EXERCISE DESCRIPTION
Word for word, copy the data that follows and skip its pictures.

━━━ GIVEN MATERIAL ━━━

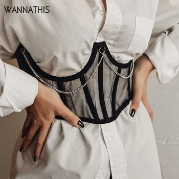 WannaThis Belts for Women Lace up Wide Belt Mesh Elegant Women Metal Chain Straps Female Stretchy Wide Belt Ladies Asymmetry
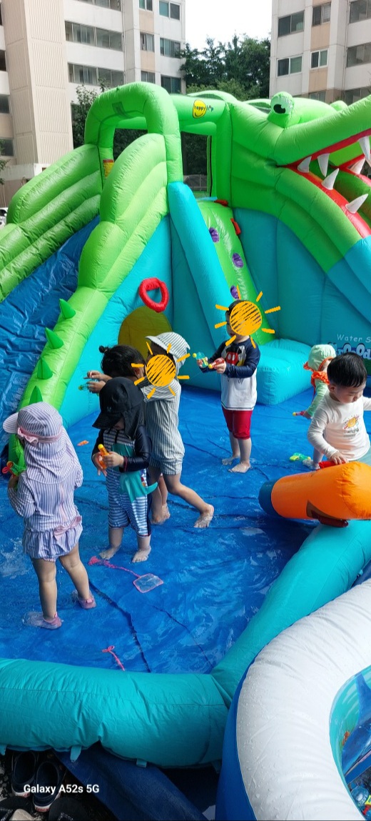 맘 어린의집은 유아 전담, 맘앤키즈어린이집은 영아 전담으로 구분하여 운영하여서 그런지 일대일로 선생님들의 지도가 대단했습니다. 아이들은 에어바운스, 미니경운기, 트래플린 타기, 그네타기 등...
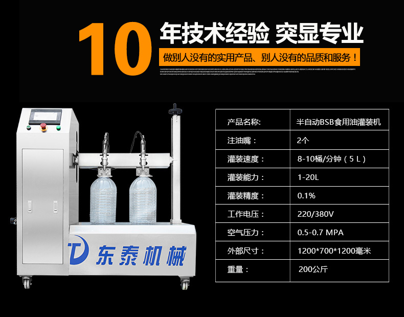 本機(jī)適用于花生油、大豆油、菜籽油、色拉油、芝麻油、石油化工潤滑油等各種油類和粘稠液體的定量要求。半自動(dòng)雙頭電動(dòng)BSB食用油灌裝機(jī):采用的微電腦技術(shù),自備動(dòng)力,管路無需加壓,節(jié)約運(yùn)行成本;自動(dòng)檢測油浙、自動(dòng)修正溫度變化引起的密度變化,適合大溫差環(huán)境的油品灌裝工作,使用方便靈活;機(jī)電一體化設(shè)計(jì),安裝方便,整機(jī)價(jià)格低廉。

━━━

SOLUTION TO THIS PROBLEM
 WannaThis Belts for Women Lace up Wide Belt Mesh Elegant Women Metal Chain Straps Female Stretchy Wide Belt Ladies Asymmetry
 맘 어린의집은 유아 전담, 맘앤키즈어린이집은 영아 전담으로 구분하여 운영하여서 그런지 일대일로 선생님들의 지도가 대단했습니다. 아이들은 에어바운스, 미니경운기, 트래플린 타기, 그네타기 등...
 本機(jī)適用于花生油、大豆油、菜籽油、色拉油、芝麻油、石油化工潤滑油等各種油類和粘稠液體的定量要求。半自動(dòng)雙頭電動(dòng)BSB食用油灌裝機(jī):采用的微電腦技術(shù),自備動(dòng)力,管路無需加壓,節(jié)約運(yùn)行成本;自動(dòng)檢測油浙、自動(dòng)修正溫度變化引起的密度變化,適合大溫差環(huán)境的油品灌裝工作,使用方便靈活;機(jī)電一體化設(shè)計(jì),安裝方便,整機(jī)價(jià)格低廉。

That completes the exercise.